WHAT IS EXPECTED:
Below are some records. Write out exactly their lines from the one with "Figure 3 presents" through the one with "Granatowa sukienka mini", and leave the pictures behind.

ENTRIES SUPPLIED:

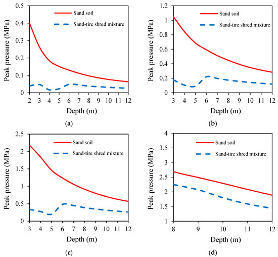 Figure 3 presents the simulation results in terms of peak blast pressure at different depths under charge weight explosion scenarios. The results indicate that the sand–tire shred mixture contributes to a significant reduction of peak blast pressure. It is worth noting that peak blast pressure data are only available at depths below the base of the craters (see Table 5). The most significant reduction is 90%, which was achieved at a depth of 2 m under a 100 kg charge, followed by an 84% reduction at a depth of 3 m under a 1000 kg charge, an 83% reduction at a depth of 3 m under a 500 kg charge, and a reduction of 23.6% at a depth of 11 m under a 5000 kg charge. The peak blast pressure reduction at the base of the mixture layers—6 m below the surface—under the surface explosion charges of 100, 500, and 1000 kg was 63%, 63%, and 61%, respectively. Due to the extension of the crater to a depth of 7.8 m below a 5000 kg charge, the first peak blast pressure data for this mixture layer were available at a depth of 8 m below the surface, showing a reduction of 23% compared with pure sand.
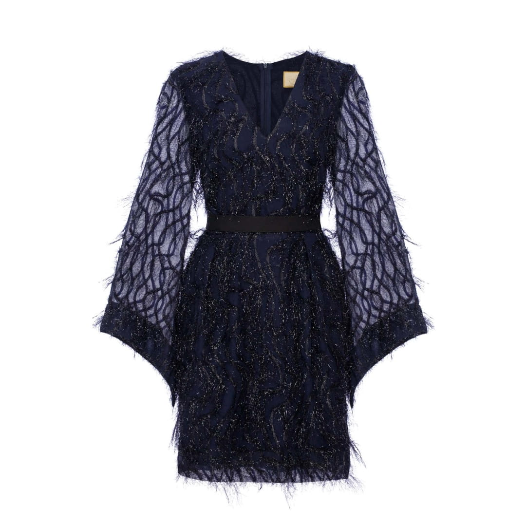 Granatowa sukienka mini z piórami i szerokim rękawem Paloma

...

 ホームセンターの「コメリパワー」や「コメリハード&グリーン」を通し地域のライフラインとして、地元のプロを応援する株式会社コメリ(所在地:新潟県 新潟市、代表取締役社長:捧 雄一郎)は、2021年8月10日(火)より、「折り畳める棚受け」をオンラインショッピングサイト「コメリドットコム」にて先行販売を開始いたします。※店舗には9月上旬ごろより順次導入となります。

REPLY:
 Figure 3 presents the simulation results in terms of peak blast pressure at different depths under charge weight explosion scenarios. The results indicate that the sand–tire shred mixture contributes to a significant reduction of peak blast pressure. It is worth noting that peak blast pressure data are only available at depths below the base of the craters (see Table 5). The most significant reduction is 90%, which was achieved at a depth of 2 m under a 100 kg charge, followed by an 84% reduction at a depth of 3 m under a 1000 kg charge, an 83% reduction at a depth of 3 m under a 500 kg charge, and a reduction of 23.6% at a depth of 11 m under a 5000 kg charge. The peak blast pressure reduction at the base of the mixture layers—6 m below the surface—under the surface explosion charges of 100, 500, and 1000 kg was 63%, 63%, and 61%, respectively. Due to the extension of the crater to a depth of 7.8 m below a 5000 kg charge, the first peak blast pressure data for this mixture layer were available at a depth of 8 m below the surface, showing a reduction of 23% compared with pure sand.
 Granatowa sukienka mini z piórami i szerokim rękawem Paloma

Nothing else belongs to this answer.